CMC Rights Exchange @ London Book Fair – The Joy of Minecraft
One of four sessions CMC staged in our Beyond the Book series in the Children’s Hub at the London Book Fair (16 April 2015)
- The biggest licenced book property in the UK … ever.
- When buyers saw the Amazon pre-orders, everyone was on board
- You’ll never see a generic sticker book with a Minecraft logo stuck on the front.
In 2014, Minecraft became the biggest ever licensed book property in the UK, with over £10 million worth of books. Sarah Bates and Emma Cairns-Smith, from Egmont’s UK company, explained how they adapted “digital Lego” into best selling books.
It started by overhearing a fifteen year old talking about Minecraft and finding that parents with teenage boys all knew about the game. The first game had come out in 2005 and this was now 2011 when the full game had been just been released.
Emma got in touch with the directors at the Swedish company, Mojang, by guessing their e-mail addresses, as Mojang did not publicise them.
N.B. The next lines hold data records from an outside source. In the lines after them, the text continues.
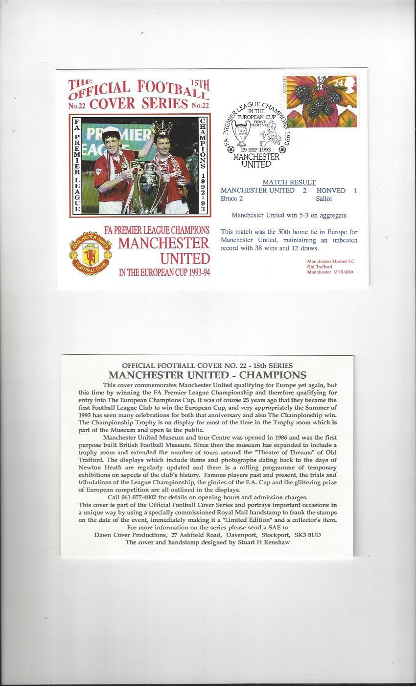 Manchester United v Honved European Cup Football Postal Cover + Insert 1993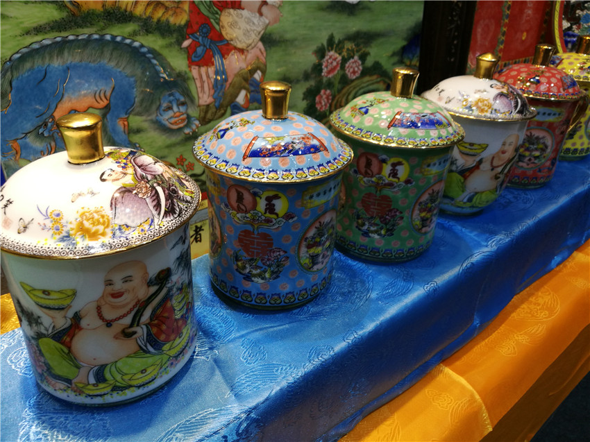 付國華在介紹時說,“高溫粉彩”必須以線條繪畫,將陶瓷唐卡染上顏料燒制,燒制完后再上色再燒制,然后再上色再燒制,在高溫1200度反復(fù)燒制五六次,才能達到一幅比較完整的唐卡。下步公司將黑陶作為新的挖掘目標(biāo),相信在馮建華老師的指導(dǎo)下,我州黑陶高溫粉彩陶瓷藝術(shù)將呈現(xiàn)出新亮點,“高溫粉彩”陶瓷藝術(shù)將在廣闊的市場中,為喜愛這一藝術(shù)品的消費者提供需求。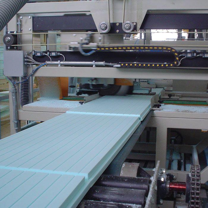 Плиты XPS выпускаются двух видов: с прямыми кромками и с кромкой L-образной формы. В первом случае применения устройства для торцевания не требуется. Во втором случае по торцам плиты нарезаются канавки, благодаря которым улучшается сцепление при стыковке двух плит. Установка для торцевания включает в себя подвижное лезвие, прижимные ролики и мотор.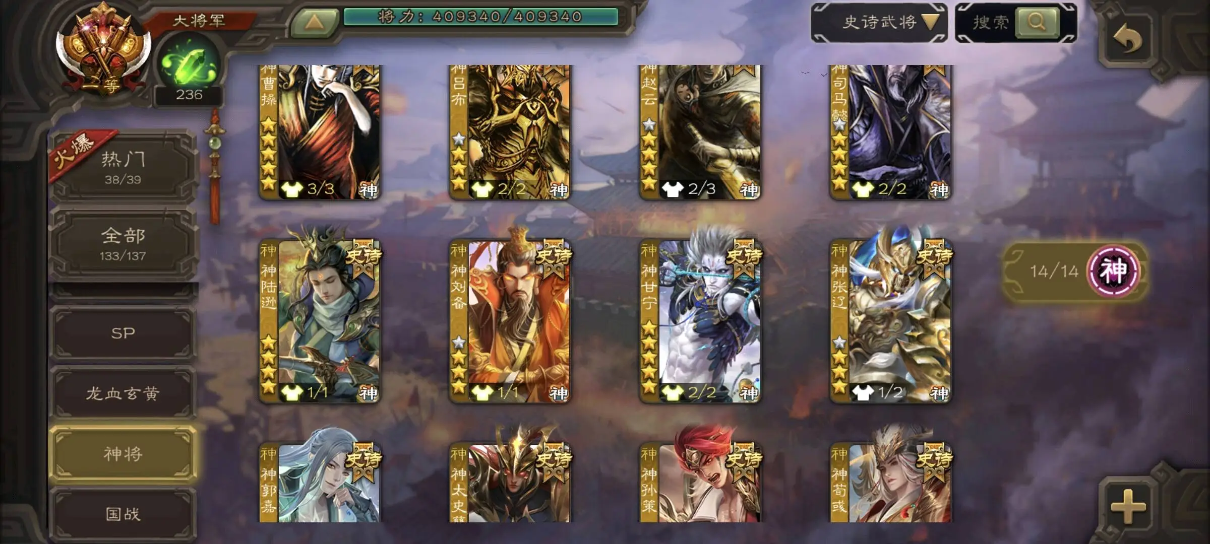 神——神吕布,神赵云,神司马懿,神陆逊,神刘备,神甘宁,神张辽,神太史慈,神荀彧,神曹操,神郭嘉,神孙策,神华佗

Emma noticed they did a lot of work for the United Nations, so she thought the fact that Egmont was both Scandinavian and a charitable foundation would help her secure the rights. It worked so well that she was invited for lunch that very day. Not wanting to admit she was from the London office and not Stockholm, she said she had meetings for the rest of the day but could do the following day. She was on a plane to Stockholm within hours.
The result was a deal, with Mojang being very much in charge of creative decision making. They had already signed with X-box and Lego and saw Egmont as a good fit for a limited range of publishing. There would be nothing like the usual generic sticker books with a Minecraft logo stuck on the front cover for them. Egmont had to rip up the standard licensing contract and start again. It wasn’t about money, it was about passion and creativity. Mojang wanted Egmont to make the best books possible.
The range of hardback books at £7.99 to price-match publications based on ‘Moshi Monsters’, was pitched to UK buyers at the beginning of 2013 for release the following October. The initial response was mixed, with buyers with kids in the right age group far more receptive than those without. Luckily, Amazon were very receptive and when other buyers saw the figures for Amazon pre-orders, everyone came on board.
After the success of the UK launch, all eighteen Egmont companies picked it up and it’s now a worldwide success. When asked if Minecraft worked in every territory, the answer was: ‘Not China … well not yet. It’s only just beginning to take off there.’